# Oil Change on 1982 633 Csi



## SNMCoakley (Feb 10, 2009)

I went to my local oil change place today, to get my oil changed of course. They told me i would have to get an oil filter from the local autozone before they could change my oil. Me not being technical at all, i went and got it. I took it to the oil change place, and after 40 minutes they called me an told me they could not figure out how to change the oil. LOL, is it really that hard on a 1982 633csi? Does anyone have a link to post for instructions. Can anyone here help? I would be happy to do it myself, but i dont know how. 

Any answers are appreciated!

Thanks guys, I love my new car, now that i have fixed it i want to take care of it, I didnt realize the power those little sixers have until i got mine in tip top. LOL

Thanks!

Melissa


----------



## Sixdown (Mar 5, 2008)

The oil filter should be on the right side of the block in a canister near the bottom. The canister faces downwards.

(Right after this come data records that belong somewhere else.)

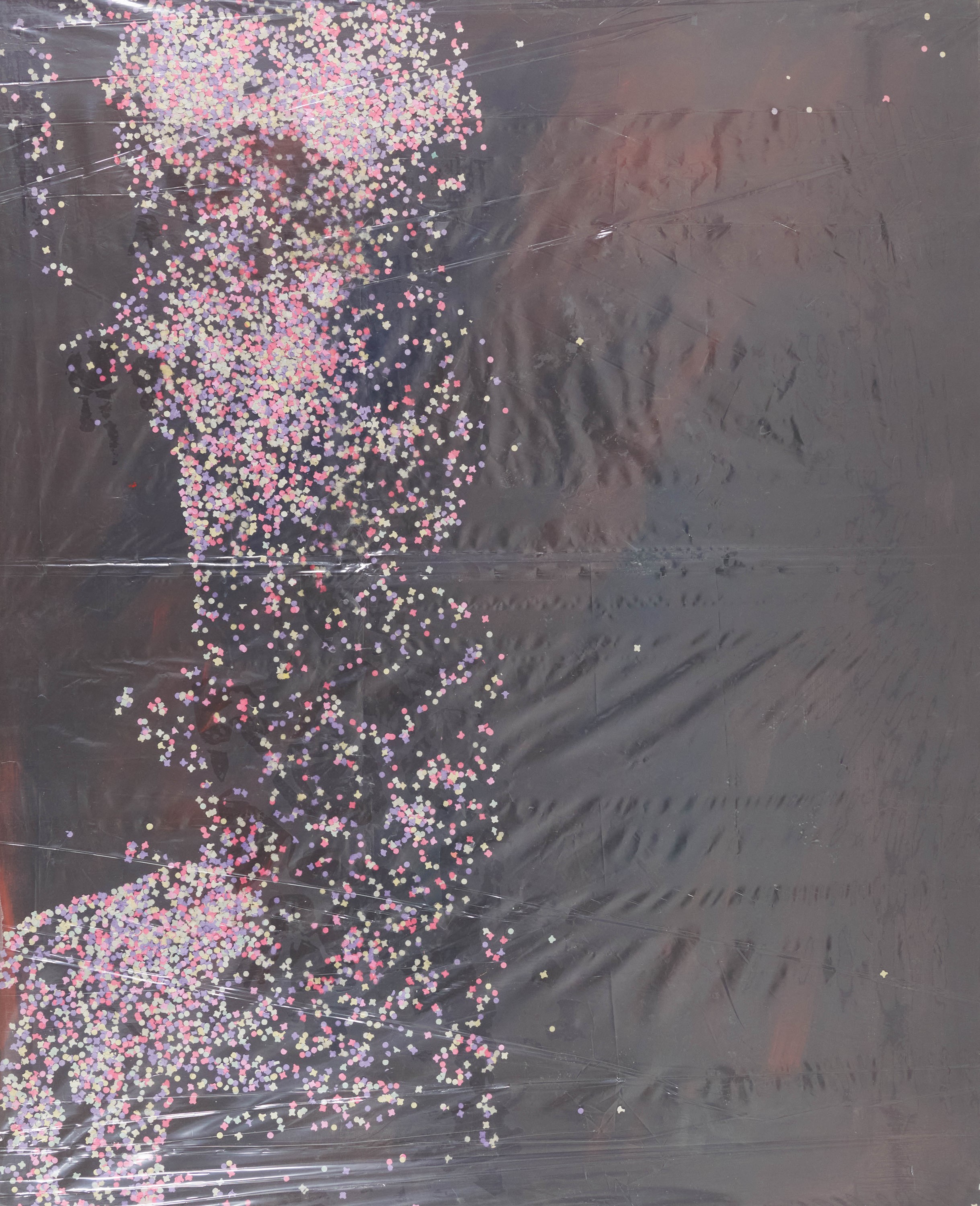 Tempera, coriandoli, colla su tela e cellophone, cm. 160x130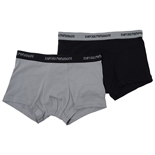 Emporio Armani Men's 2 Pack Cotton Trunk, Black/Grey, Medium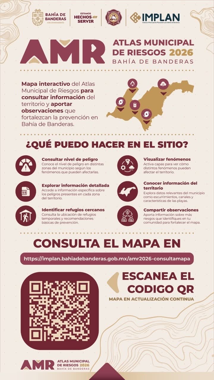 El Gobierno Municipal de Bahía de Banderas informó sobre los avances significativos en la actualización del Atlas de Riesgo 2026, una herramienta estratégica que permitirá identificar, consultar y prevenir los riesgos a los que está expuesta la población en el municipio.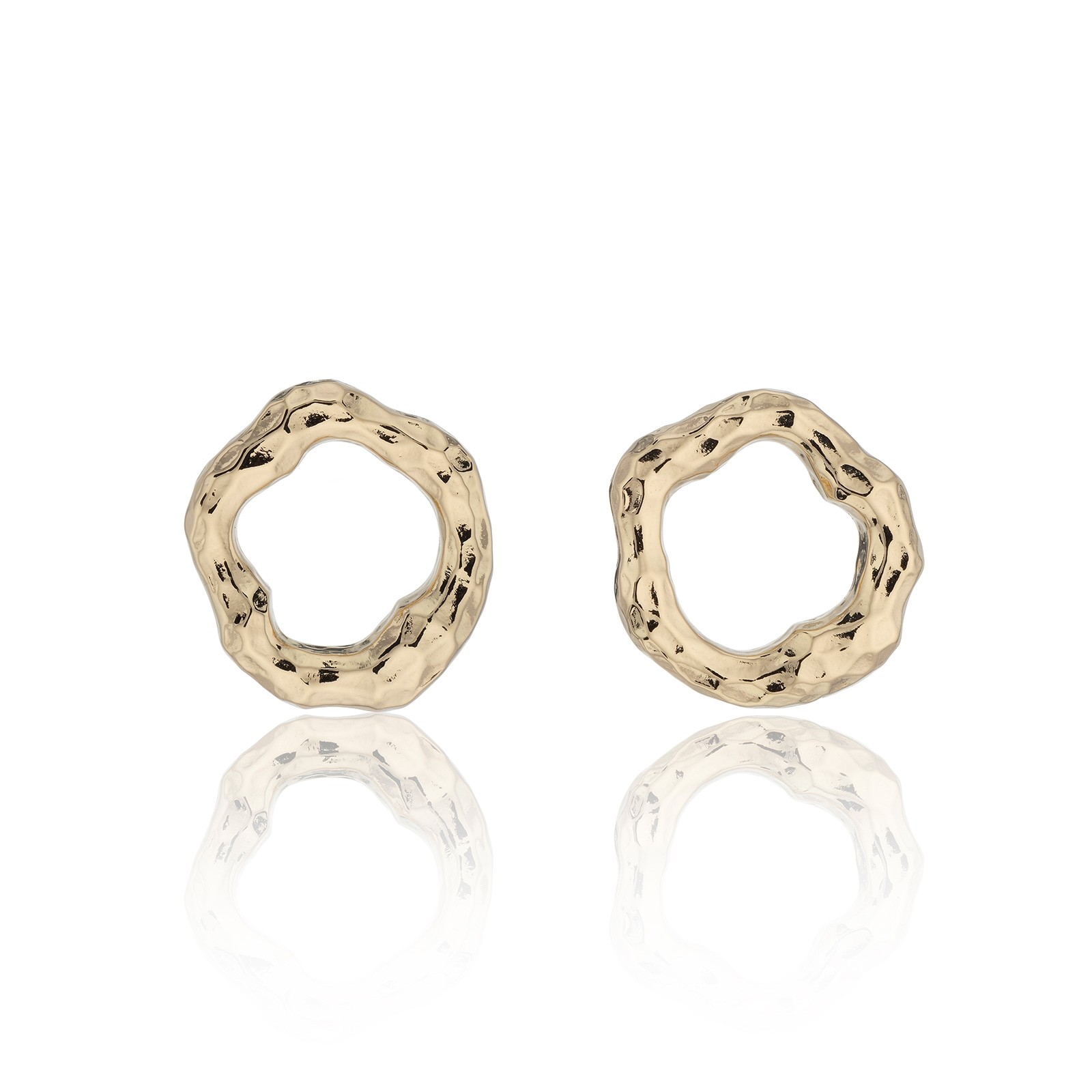 Yellow Gold Plated Hammered Circle Earrings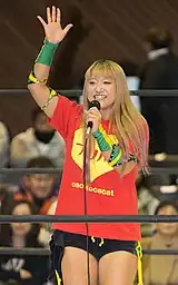 She is known for competing in various signature events of the promotion such as Catch the Wave, making her first appearance at the 2017 edition where she placed herself in the "Other Than" Block, scoring a total of five points after competing against Sareee, Rin Kadokura and Mochi Miyagi.[13] Her last appearance was at the 2021 edition, placing herself in the "Gatling Block" and scoring a total of three points after competing against Nagisa Nozaki, Yuu and Itsuki Aoki.[14]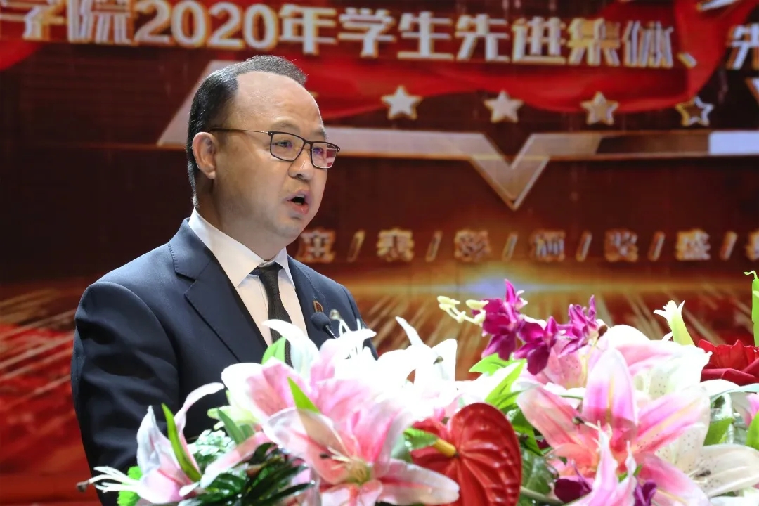 ▲金年金字招牌诚信至上董事长、校长郑立国在2020年学生先进集体、先进个人表彰大会作题为“正青春的能量、正能量的青春” 的讲话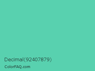 Decimal 92407879 Color is a normal green color and the nearest color is Medium Aquamarine #66ddaa. Hex code #58d1af and RGB value is rgb(88,209,175). In RGB color space, this color is composed of 35% red, 82% green, 69% blue, In CMYK color space, this color is composed of 58% cyan, 0% magenta, 16% yellow , 18% black , In HSL color space, this color has a hue angle of 163° , 57% saturation and 58% lightness.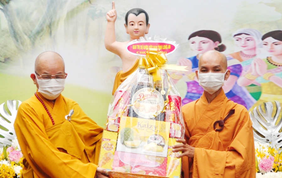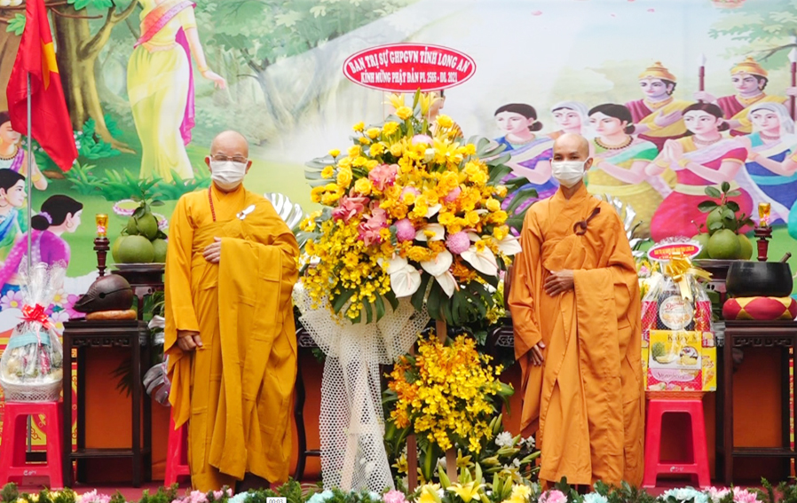 Tại buổi lễ, Hòa thượng Thích Minh Thiện – UV. HĐTS ,Trưởng BTS. GHPGVN tỉnh Long An, đã tuyên đọc thông điệp Phật đản năm 2021 của Đức Pháp Chủ Giáo hội Phật giáo Việt Nam, kỷ niệm 2645 năm ngày Đản sinh của Đức Phật, kỷ niệm 40 năm thành lập Giáo hội.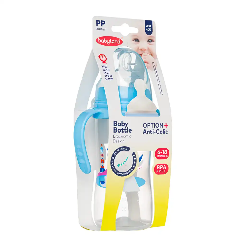 بی بی لند شیشه شیر (شیر خوری) ضد نفخ (آنتی کولیک) دهانه عریض ارتودنسی دسته دار مناسب نوزادان 6 تا 18 ماه 300 میلی – کد 407
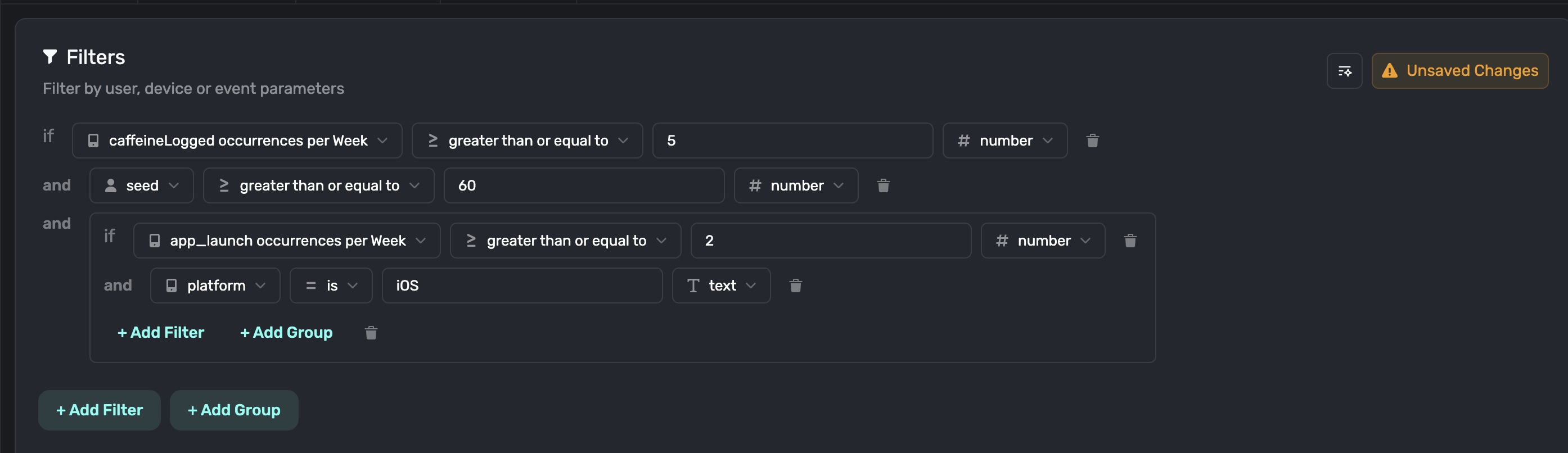 Event count filters are a powerful way to target users based on the number of times they've performed an action or fired a placement. In this example, we would target users who have triggered the caffeineLogged placement at least 3 times in the last week:

http://www.realoem.com/bmw/showparts.do?model=5284&mospid=47204&btnr=11_0009&hg=11&fg=05

http://www.realoem.com/bmw/showparts.do?model=5284&mospid=47204&btnr=11_0469&hg=11&fg=30


----------



## 6 Brit (Jan 19, 2009)

1. take it to a different shop if they cannot figure out how to do an oil change I would not trust them anywhere near that car
2. ^^ what he said it is a canister type filter they might have a problem with it though it is not uncommon for car's to have them


----------



## Sixdown (Mar 5, 2008)

6 Brit said:


> 1. take it to a different shop if they cannot figure out how to do an oil change I would not trust them anywhere near that car
> 2. ^^ what he said it is a canister type filter they might have a problem with it though it is not uncommon for car's to have them


I agree. If that shop told you to go buy the filter, can't find the canister, and will most likely screw up anyway, I would change to a mechanic. Screw Jiffy Lube etc.


----------



## SNMCoakley (Feb 10, 2009)

After reading your suggestions, I will definitely be taking it to a mechanic shop, it did not make any sense to me that an oil change tech couldnt do it, and i am glad they didnt screw anything up. 
THANKS for all your help!
Melissa


----------